Morituri is a terrible title for a movie, now and in 1965 when this Brando-Brynner warhorse premiered. If that wasn’t bad enough, Marlon Brando refused to do publicity, limiting himself to one line of perverse grandiosity. The movie bombed. So they renamed it The Saboteur: Code Name Morituri, better but really long. Had they simply gone with The Saboteur, they’d have had a hit. For those about to die… died.
Brando is ideal as a German expat living the highlife in British India. His tastes: few, expensive, beautiful.
Brynner is even better as a patriotic German Merchant Marine Captain. He knows what a despotic maniac Hitler is, but is duty-bound to sail a high-value freighter from The Empire of Japan to Vichy France.
Great moviestars get to deliver great lines.
Marlon Brando “You’re a cold bastard.”
Trevor Howard “I was born on a chilly island.”
The cleverly constructed story expertly wields the dreaded power of the SS.

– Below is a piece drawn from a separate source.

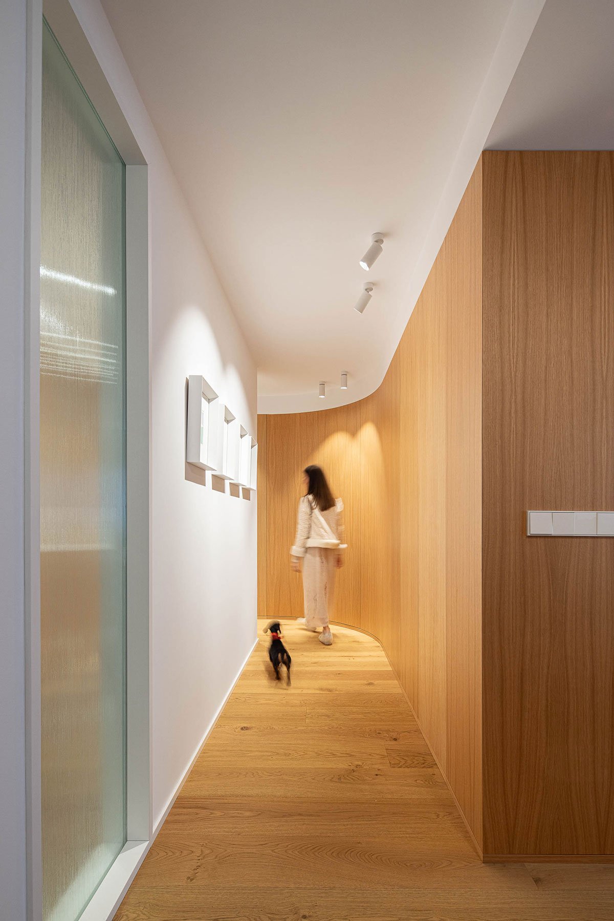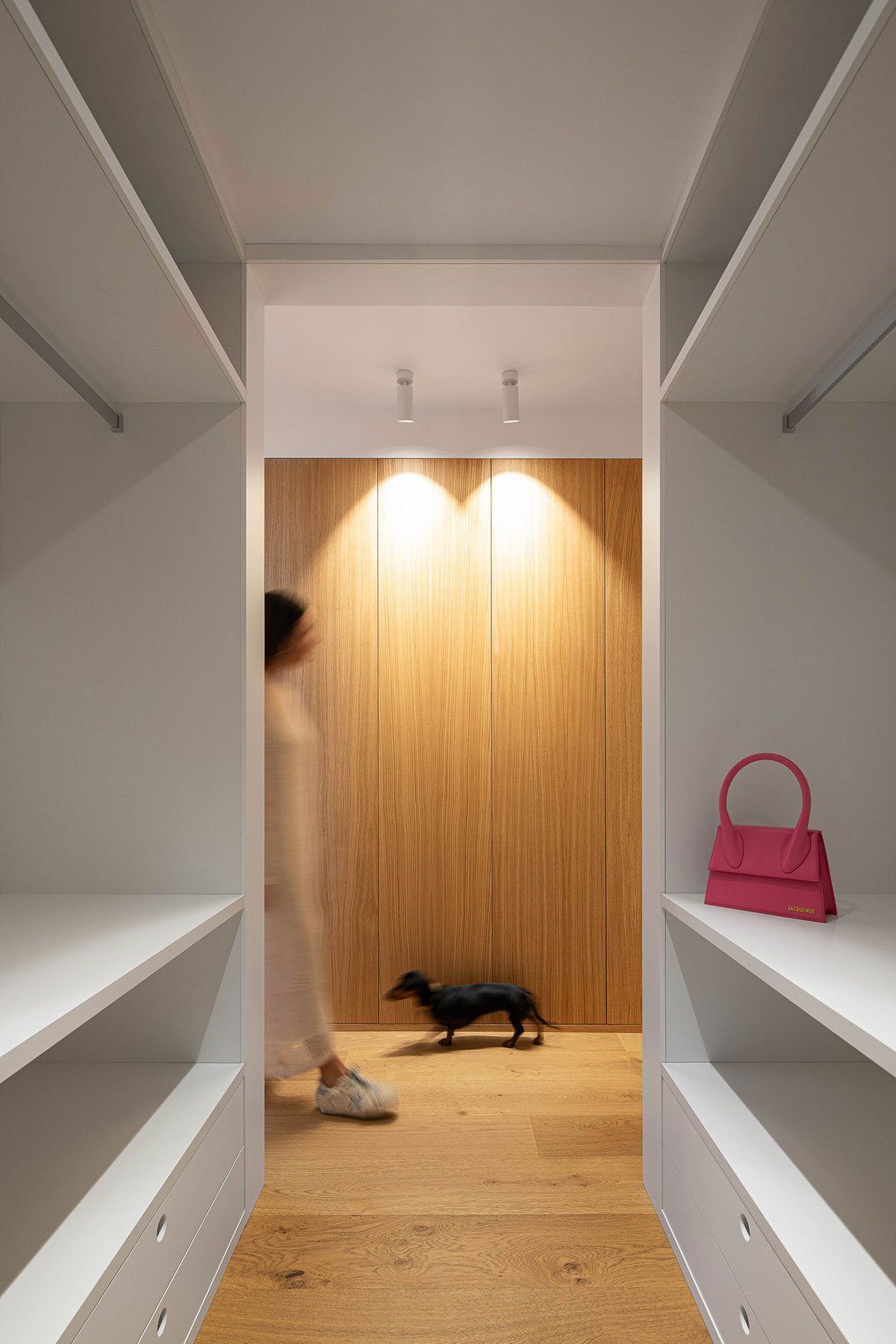 The space linking the two areas of the floor is no longer a simple corridor, but also an element that serves as storage and as a connecting thread to the different rooms, which it serves, even its change of layout helps to increase the dimension of the toilet and the concealment of the structure of the pillars of the building.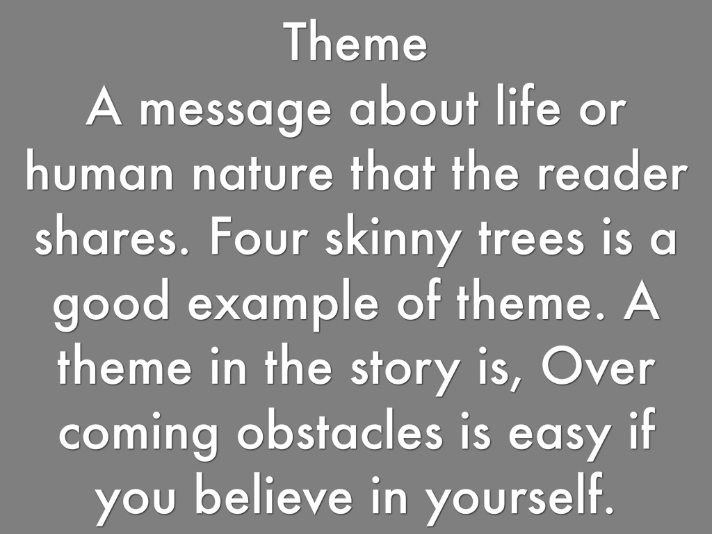 A message about life or human nature that the reader shares. Four skinny trees is a good example of theme. A theme in the story is, Over coming obstacles is easy if you believe in yourself.

“Under these circumstances, everyone is suspect, even you.”
Marlon Brando, Yul Brynner, Janet Margolin & Trevor Howard deliver serious business like nobody’s business in this near-essential WWII classic. The Saboteur reminds us WWII was as serious as it gets.
Marlon Brando opposite Yul Brynner is as good as it gets, leading-man wise. Both were in their prime during the mid-60s. Brando easily inhabits a man of great physical confidence and few human connections. Brynner naturally inhabits a commanding man among hardened men, more virile than any other man.

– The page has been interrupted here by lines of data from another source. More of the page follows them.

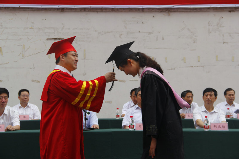 在优美的乐曲声中,校长戚万学为2015届毕业生代表颁发毕业证书、学位证书,拨正流苏。
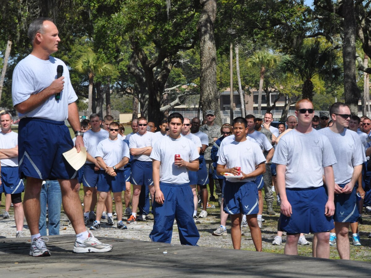 Tyndall Airmen hold Winter Wingman Day 2011 Published March 1, 2011 By Staff Sgt. Kirsten Wicker 325th Fighter Wing Public Affairs TYNDALL AIR FORCE BASE, Fla. -- More than 1,200 Team Tyndall Airmen took part in Winter Wingman Day 2011 Feb. 25 here. The day was set aside to hold discussions, participate in team-building scenarios, run together in a wing formation run, and end the day with a burger burn at Heritage Park. The morning began with unit commander briefings and comments. Then Airmen broke into small groups to discuss this year's theme, resiliency. "We have discussed resilience," said Brig. Gen. James Browne, 325th Fighter Wing commander. "I believe it is the ability to work through any adversity or challenge and be stronger for it." Wingman day gives Airmen a chance to take a break from their work centers and focus on camaraderie, team building and physical fitness. Along with the day's activities, General Browne shared what he believes makes a resilient Airman. First and foremost, understand that what each Airman does is important. "No matter what you do, it is important," said General Browne. "Each of us has a vital role to play and individual actions do impact the mission." "Each of us has a stake in mission accomplishment and that is a huge responsibility," he said. Second, every Airman is part of something bigger than him or herself. "You are part of something bigger than yourself, a family, the Air Force family. As a family, we need to take care of each other," General Browne said. "The wingman concept is all about taking care of each other and it goes hand in hand with resilience." "Nothing can replace human contact and interaction - we must look each other in the eye," he said. General Browne also congratulated the wing on being awarded the Air Force Outstanding Unit award for 2010. "The 325th FW has a proud heritage, steeped in a history of success when facing overwhelming odds," said General Browne. "Today we carry on the legacy. Each of you is now authorized to wear the ribbon if you served in the 325th FW any time between July 2009 and June 2010." Finally, he spoke about two upcoming major events for the wing that will continue to test Airmen's resiliency: 2011 Gulf Coast Salute Open House and Air Show, March 26 and 27, and the Unit Compliance Inspection scheduled for June 2011. "We are well prepared, thank you for your hard work," General Browne said. "We look to make this a safe and successful open house and air show." "Also, last year we set the standard earning an Outstanding rating during the Command Cyber Readiness Inspection," he added. "That is the Checkertail standard, so let's hit another home run during this year's UCI." Winter Wingman Day is held annually every February on Tyndall. The next wingman day will be in the Fall.
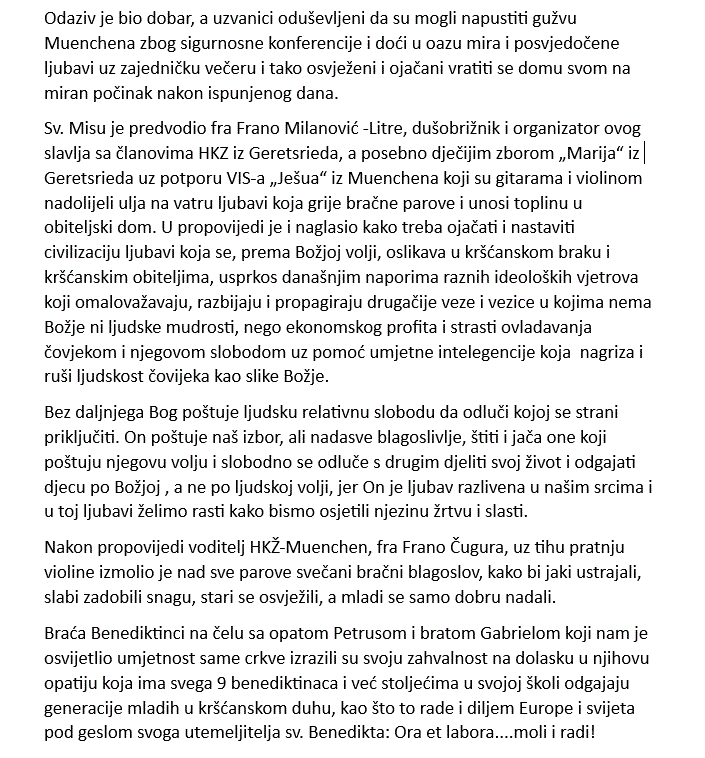 - U utorak 24.2.2026. i u srijedu 25.2.2026. održat će se s početkom u 19.30 zaručnički tečaj u kapeli bl. Al. Stepinca (Schwanthalerstr. 96, 80336 München).

The Saboteur – made in the mid-60s – was shot in Black & White, giving it timelessness and depth.
Beware powerful Holocaust testimony.
The terrific story is fictional, albeit easy to believe given the depravities of WWII.
Suspension-of-disbelief aside, the extraordinary political control of the Nazi regime remains a horrid wonder. SS enforced, it radiated dread.